TASK DETAILS: The lines to retype run from the one containing "Product display,A mobile" through the end of the listing below. Reproduce them exactly, leaving out pictures.

SUPPLIED INFORMATION:
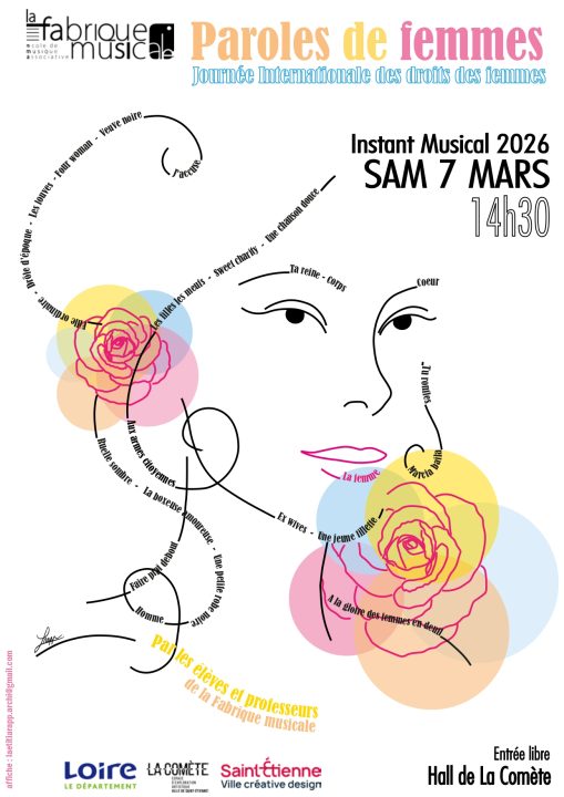 Dans le cadre de la journée internationale des droits des femmes du 8 mars, nous proposons un instant musical autour d'un répertoire concernant les femmes par les élèves et professeurs de La Fabrique Musicale.
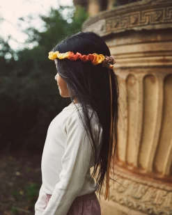 Zijden aardetinten elastische band ‘Desert’ met een staart van linten vastgezet met een klein roosje. Wat je maar wilt, kun je worden met deze haarband, een dansende ballerina, een toverfee, of prins op het witte paard. Met deze krans kun je alles spelen wat je wilt en vooral jezelf zijn! Combineer met de doeken en zet vast rondom hoofd en taille met deze elastische banden.
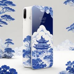 Product display,A mobile phone,huan, no humans,space,wujie,blue and white porcelain
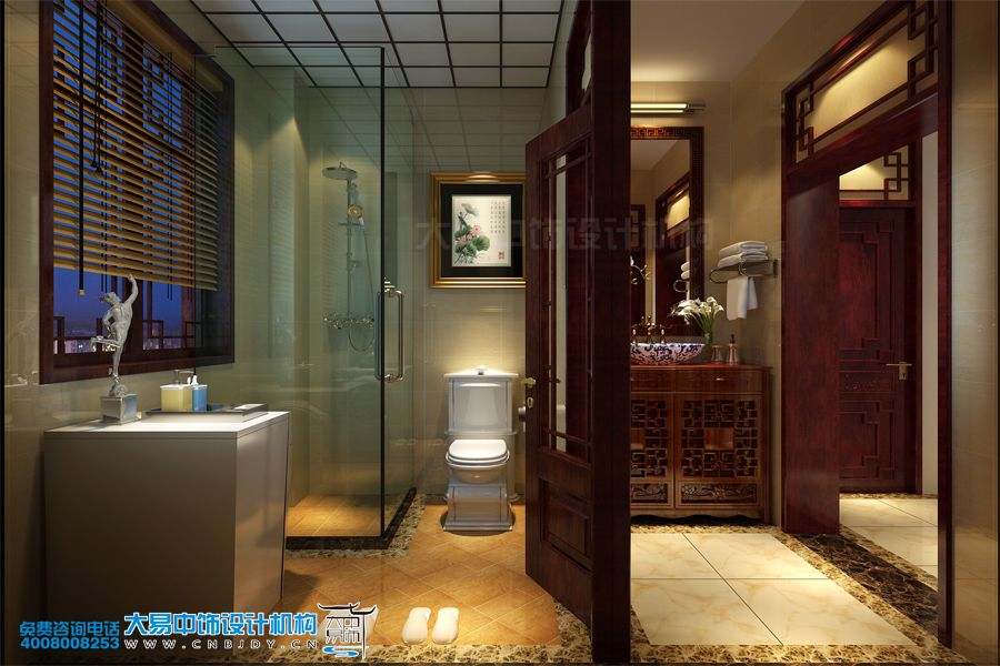 一樓衛生間古樸、典雅、現代感十足

RESULT FOR THIS EXERCISE:
 Product display,A mobile phone,huan, no humans,space,wujie,blue and white porcelain
 一樓衛生間古樸、典雅、現代感十足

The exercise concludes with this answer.